Oregon goat farmer Carine Goldin went above and beyond to keep her herd safe when the encroaching Riverside Fire threatened to burn her dairy farm to the ground.
Goldin, who owns and runs Goldin Artisan Goat Cheese farm in Molalla, Oregon, initially left her home on Sept. 8 during a Level 3 evacuation order, leaving her 85 goats behind. However, compelled to spare her herd from a terrifying fate, Goldin devised an evacuation plan using her SUV and a trailer.
“We put all the little ones, and there were seven, in the Subaru,” she explained to KPTV. “They actually lined up nicely on one end.”
In 12 years of running the farm, Goldin admitted never witnessing wildfires like these before. Retaining a sense of humor about the mass evacuation, Goldin took to Facebook on Sept. 11 with a snapshot of her Subaru, loaded with baby goats.
“Evacuation in style! Can’t beat the multipurpose Suburu,” she captioned.
After driving the first carload to nearby Canby, Goldin returned with her trailer several times to transport the adult goats. However, after brief respite, Canby was also put under evacuation orders.

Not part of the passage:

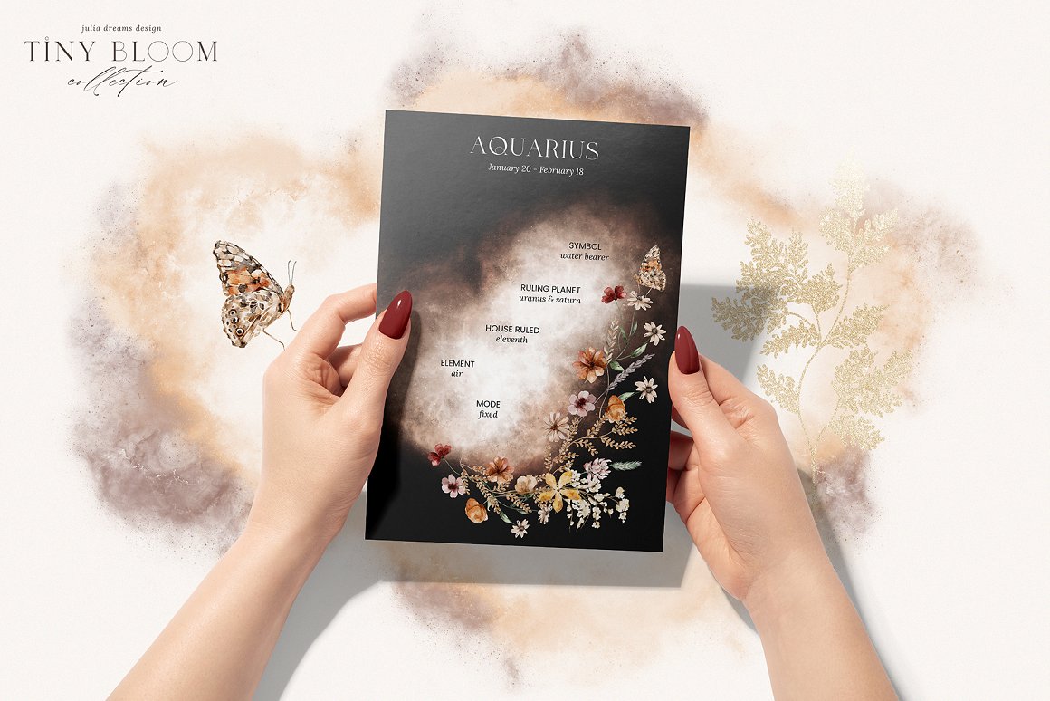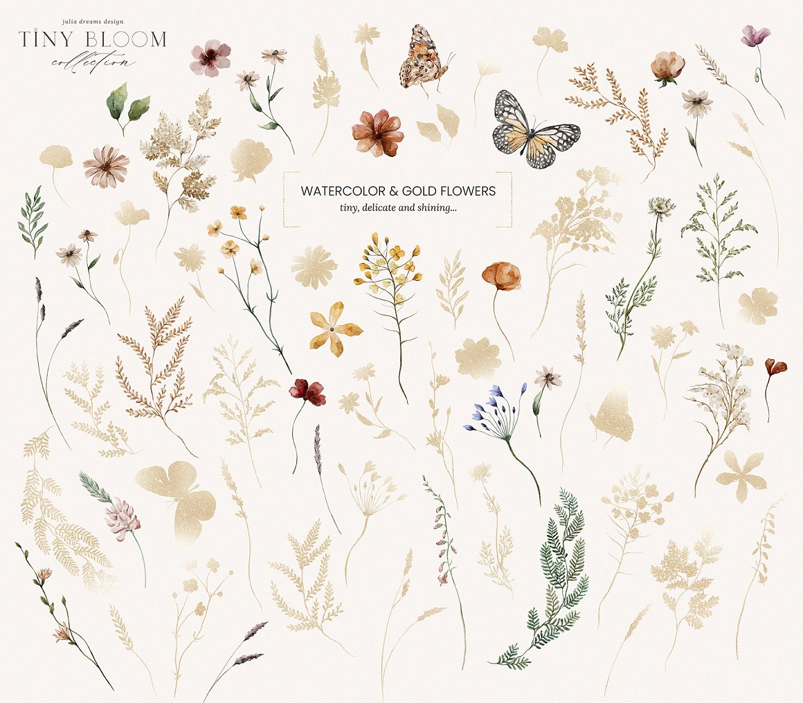 Tiny bloom is a collection of tender and absolutely tiny watercolor flowers. Hand painted with love watercolor botanical elements can perfectly complement your project and help create a sophisticated, restrained and fashionable style.

Goldin’s evacuation effort garnered support from locals, and Clackamas County volunteers stepped up to offer additional trailers to lend a hand in ferrying the whole herd to a new location. Goldin and the herd were offered shelter by Fraga Farmstead Creamery in Forest Grove.

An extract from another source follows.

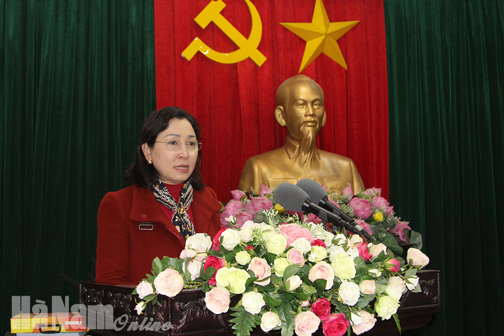 Đồng chí Đinh Thị Lụa, Phó Bí thư Thường trực Tỉnh ủy phát biểu chỉ đạo hội nghị.

On Sept. 13, the goat farmer shared an update on the herd’s well-being on Facebook. “Our wonderful dairy goats are disoriented and stressed,” she wrote, “but I am hopeful they will pull through with a lot of TLC. The cheeses are in the aging room safe and sealed (no power outage).”
Goldin added she was “optimistic” that the dairy farm and creamery would both survive the disruption. “The mop-up will be a big task, but doable,” she admitted.
Goldin’s 85 goats remained safe in their lodgings at Forest Grove by mid-September, where they continued to receive TLC after the ordeal.
The farmer and cheesemaker pledged to return to her home when she can rest assured that her goats will be safe.
“It’s all very scary and the goats are under tremendous stress right now,” Goldin told KPTV. “[W]e just kind of want to give them rest before we move them back.”